EXERCISE:
Given the listing below, write out exactly the lines starting with the line that has "(新山5日讯)专业人士也难逃" and going on through the line that has "图为于安、梅赐琪老师相声《法政精英》。 图为彭宗超老师独唱《心中的太阳》。", both kept.

====== SOURCE MATERIAL

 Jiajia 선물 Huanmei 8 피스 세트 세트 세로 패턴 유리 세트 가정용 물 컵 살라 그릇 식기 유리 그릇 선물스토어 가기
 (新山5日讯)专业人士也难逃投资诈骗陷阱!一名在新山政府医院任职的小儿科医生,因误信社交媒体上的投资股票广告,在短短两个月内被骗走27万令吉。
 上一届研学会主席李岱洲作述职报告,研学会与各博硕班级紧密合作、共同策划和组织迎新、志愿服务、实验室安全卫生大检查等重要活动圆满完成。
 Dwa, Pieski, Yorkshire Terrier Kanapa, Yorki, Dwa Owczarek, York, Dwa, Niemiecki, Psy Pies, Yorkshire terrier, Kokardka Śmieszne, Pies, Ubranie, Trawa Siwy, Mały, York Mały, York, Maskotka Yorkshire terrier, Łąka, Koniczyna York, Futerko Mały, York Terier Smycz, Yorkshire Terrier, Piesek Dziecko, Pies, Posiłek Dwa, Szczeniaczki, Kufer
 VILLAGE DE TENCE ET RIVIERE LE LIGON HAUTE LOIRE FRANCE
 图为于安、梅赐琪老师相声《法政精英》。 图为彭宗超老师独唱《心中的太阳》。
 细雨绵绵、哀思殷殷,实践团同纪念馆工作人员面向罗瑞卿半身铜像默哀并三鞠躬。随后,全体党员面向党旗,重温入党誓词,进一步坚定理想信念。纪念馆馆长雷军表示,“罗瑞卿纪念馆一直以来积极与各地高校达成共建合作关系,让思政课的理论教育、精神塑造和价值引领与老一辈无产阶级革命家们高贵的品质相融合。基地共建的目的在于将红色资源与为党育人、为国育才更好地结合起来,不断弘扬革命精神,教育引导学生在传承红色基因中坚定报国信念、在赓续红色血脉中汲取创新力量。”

============

SOLUTION BELOW:
 (新山5日讯)专业人士也难逃投资诈骗陷阱!一名在新山政府医院任职的小儿科医生,因误信社交媒体上的投资股票广告,在短短两个月内被骗走27万令吉。
 上一届研学会主席李岱洲作述职报告,研学会与各博硕班级紧密合作、共同策划和组织迎新、志愿服务、实验室安全卫生大检查等重要活动圆满完成。
 Dwa, Pieski, Yorkshire Terrier Kanapa, Yorki, Dwa Owczarek, York, Dwa, Niemiecki, Psy Pies, Yorkshire terrier, Kokardka Śmieszne, Pies, Ubranie, Trawa Siwy, Mały, York Mały, York, Maskotka Yorkshire terrier, Łąka, Koniczyna York, Futerko Mały, York Terier Smycz, Yorkshire Terrier, Piesek Dziecko, Pies, Posiłek Dwa, Szczeniaczki, Kufer
 VILLAGE DE TENCE ET RIVIERE LE LIGON HAUTE LOIRE FRANCE
 图为于安、梅赐琪老师相声《法政精英》。 图为彭宗超老师独唱《心中的太阳》。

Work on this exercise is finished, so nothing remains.